═════ Data to process

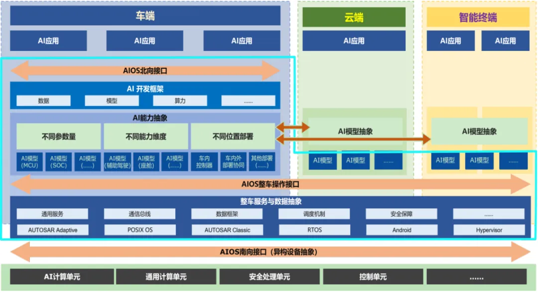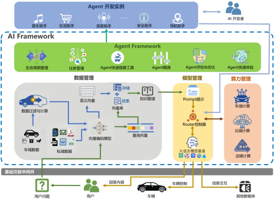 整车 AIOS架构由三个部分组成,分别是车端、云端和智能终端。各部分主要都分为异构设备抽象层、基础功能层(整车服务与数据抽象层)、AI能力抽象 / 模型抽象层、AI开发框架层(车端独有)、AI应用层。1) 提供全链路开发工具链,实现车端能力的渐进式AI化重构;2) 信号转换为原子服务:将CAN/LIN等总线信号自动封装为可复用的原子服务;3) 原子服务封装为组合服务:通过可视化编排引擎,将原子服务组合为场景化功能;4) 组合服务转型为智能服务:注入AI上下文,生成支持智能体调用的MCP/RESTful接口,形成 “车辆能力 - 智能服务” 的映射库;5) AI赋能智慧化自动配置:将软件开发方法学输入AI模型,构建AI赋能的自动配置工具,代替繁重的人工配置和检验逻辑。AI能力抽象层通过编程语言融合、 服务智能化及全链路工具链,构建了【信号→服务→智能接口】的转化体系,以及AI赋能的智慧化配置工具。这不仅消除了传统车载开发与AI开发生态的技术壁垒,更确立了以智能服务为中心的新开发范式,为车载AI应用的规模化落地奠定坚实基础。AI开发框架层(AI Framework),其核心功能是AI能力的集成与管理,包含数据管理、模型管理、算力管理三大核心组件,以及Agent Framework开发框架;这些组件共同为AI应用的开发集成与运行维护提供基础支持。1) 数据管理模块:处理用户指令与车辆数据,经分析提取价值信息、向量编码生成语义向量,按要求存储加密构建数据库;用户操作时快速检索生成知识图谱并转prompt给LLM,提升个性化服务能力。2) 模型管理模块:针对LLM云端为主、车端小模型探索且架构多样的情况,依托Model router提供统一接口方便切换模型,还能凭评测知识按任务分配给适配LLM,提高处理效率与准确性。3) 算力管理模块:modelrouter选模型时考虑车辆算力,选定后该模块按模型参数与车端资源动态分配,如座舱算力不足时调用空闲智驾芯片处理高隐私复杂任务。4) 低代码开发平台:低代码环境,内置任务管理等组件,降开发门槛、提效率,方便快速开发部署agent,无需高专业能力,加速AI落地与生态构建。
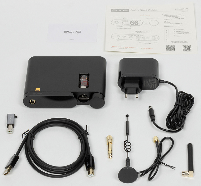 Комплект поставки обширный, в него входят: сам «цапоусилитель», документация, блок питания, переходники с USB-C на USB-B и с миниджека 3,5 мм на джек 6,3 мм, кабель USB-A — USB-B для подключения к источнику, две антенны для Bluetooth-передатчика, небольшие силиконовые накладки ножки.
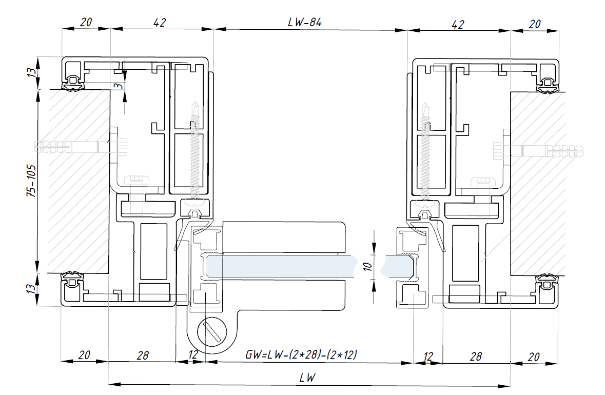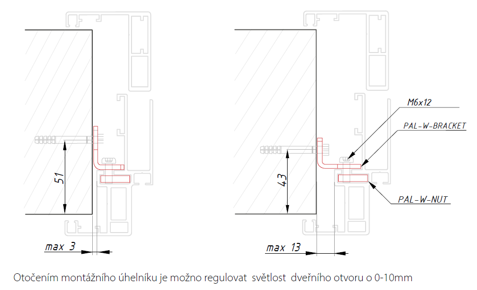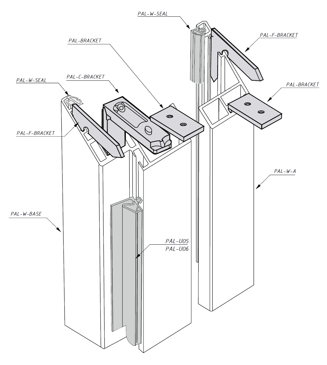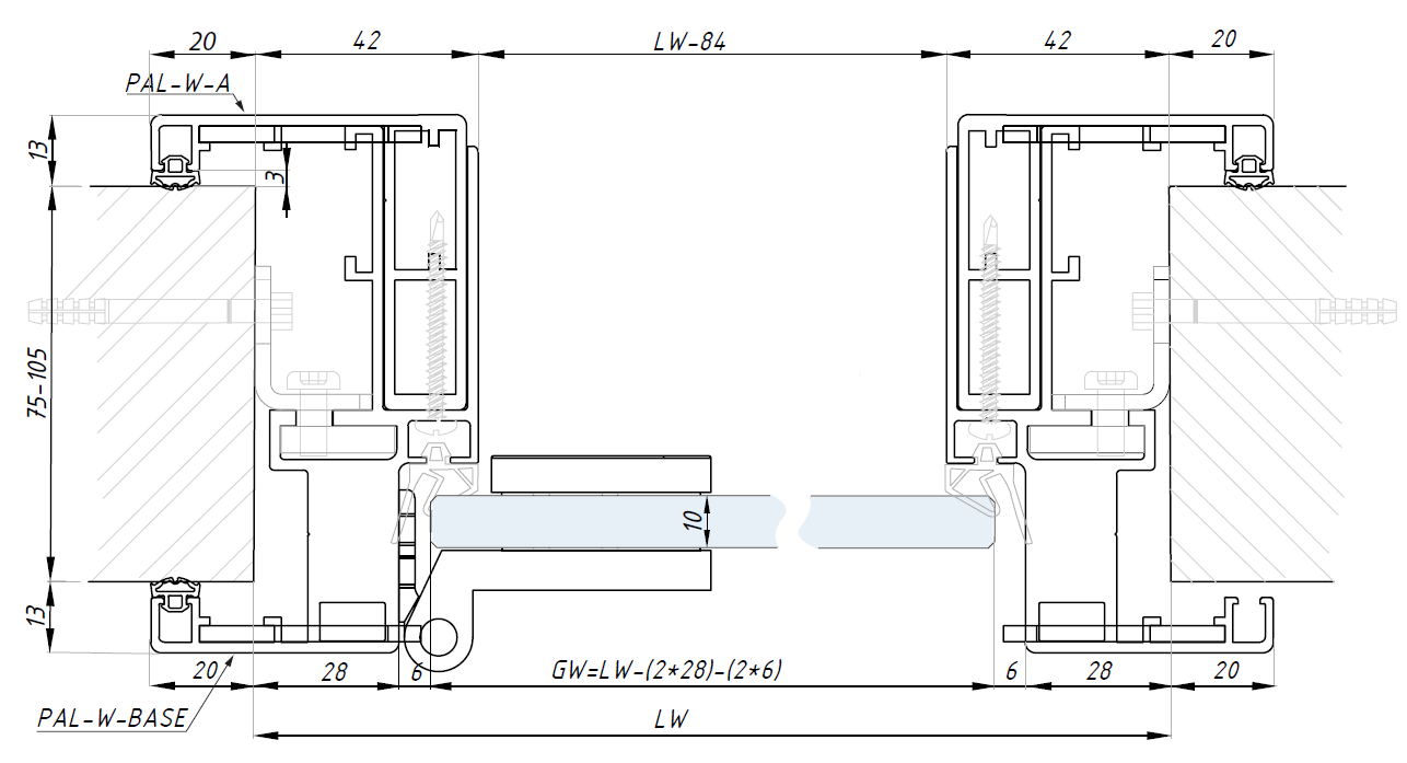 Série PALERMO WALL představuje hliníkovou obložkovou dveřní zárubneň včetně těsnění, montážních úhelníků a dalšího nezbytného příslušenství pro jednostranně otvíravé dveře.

══════════
═════ Data to process

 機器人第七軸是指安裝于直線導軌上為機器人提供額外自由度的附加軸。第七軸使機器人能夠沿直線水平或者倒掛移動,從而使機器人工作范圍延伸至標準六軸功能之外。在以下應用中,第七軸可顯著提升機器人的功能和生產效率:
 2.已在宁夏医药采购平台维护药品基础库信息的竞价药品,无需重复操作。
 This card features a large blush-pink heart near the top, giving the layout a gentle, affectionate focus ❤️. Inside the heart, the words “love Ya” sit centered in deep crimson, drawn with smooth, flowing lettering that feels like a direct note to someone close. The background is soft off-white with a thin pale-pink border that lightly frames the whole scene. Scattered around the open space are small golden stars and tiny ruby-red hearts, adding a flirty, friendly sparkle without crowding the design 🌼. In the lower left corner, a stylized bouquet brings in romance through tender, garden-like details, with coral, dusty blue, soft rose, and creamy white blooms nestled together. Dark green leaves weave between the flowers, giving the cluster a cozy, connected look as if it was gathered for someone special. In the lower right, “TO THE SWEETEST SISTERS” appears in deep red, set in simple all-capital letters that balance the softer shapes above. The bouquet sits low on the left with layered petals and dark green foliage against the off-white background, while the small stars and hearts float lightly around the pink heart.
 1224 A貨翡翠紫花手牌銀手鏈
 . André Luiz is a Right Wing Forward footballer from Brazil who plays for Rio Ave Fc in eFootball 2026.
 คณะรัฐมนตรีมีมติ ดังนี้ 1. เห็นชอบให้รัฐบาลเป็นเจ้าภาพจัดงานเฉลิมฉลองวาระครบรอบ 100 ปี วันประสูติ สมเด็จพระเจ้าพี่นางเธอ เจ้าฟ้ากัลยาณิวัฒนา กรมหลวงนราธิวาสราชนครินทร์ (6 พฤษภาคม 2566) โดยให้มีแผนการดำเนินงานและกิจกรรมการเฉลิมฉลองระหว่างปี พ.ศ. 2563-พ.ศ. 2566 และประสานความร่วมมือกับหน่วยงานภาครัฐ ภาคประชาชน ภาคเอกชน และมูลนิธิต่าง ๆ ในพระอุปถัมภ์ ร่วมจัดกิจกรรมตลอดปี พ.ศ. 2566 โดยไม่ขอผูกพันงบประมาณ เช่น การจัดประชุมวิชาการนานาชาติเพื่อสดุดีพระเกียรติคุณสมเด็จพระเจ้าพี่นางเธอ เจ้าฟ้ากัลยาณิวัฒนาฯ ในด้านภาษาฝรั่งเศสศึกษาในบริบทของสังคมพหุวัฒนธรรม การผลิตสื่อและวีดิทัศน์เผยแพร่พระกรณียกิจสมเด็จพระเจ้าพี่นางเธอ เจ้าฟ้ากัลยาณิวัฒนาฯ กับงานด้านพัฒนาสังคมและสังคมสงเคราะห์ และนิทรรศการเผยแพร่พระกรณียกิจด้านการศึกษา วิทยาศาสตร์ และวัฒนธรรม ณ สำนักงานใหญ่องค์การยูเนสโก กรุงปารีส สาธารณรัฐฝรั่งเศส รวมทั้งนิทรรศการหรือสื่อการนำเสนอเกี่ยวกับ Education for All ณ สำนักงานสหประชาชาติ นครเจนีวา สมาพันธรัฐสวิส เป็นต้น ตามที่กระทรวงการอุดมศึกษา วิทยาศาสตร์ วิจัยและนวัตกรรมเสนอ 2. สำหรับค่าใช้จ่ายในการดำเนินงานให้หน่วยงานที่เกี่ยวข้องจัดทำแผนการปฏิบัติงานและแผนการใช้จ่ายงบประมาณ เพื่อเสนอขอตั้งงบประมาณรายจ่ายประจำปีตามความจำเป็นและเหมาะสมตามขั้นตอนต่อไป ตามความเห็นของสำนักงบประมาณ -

══════════
═════ Data to process

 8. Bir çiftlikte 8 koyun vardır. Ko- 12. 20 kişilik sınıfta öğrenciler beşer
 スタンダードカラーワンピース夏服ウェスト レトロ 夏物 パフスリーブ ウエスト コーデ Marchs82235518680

══════════

- What you are asked to do: Everything above from the line with "1224 A貨翡翠紫花手牌銀手鏈" to the line with "in eFootball 2026.", both included, must be repeated exactly, and nothing outside that range.

- Problem solution:
 1224 A貨翡翠紫花手牌銀手鏈
 . André Luiz is a Right Wing Forward footballer from Brazil who plays for Rio Ave Fc in eFootball 2026.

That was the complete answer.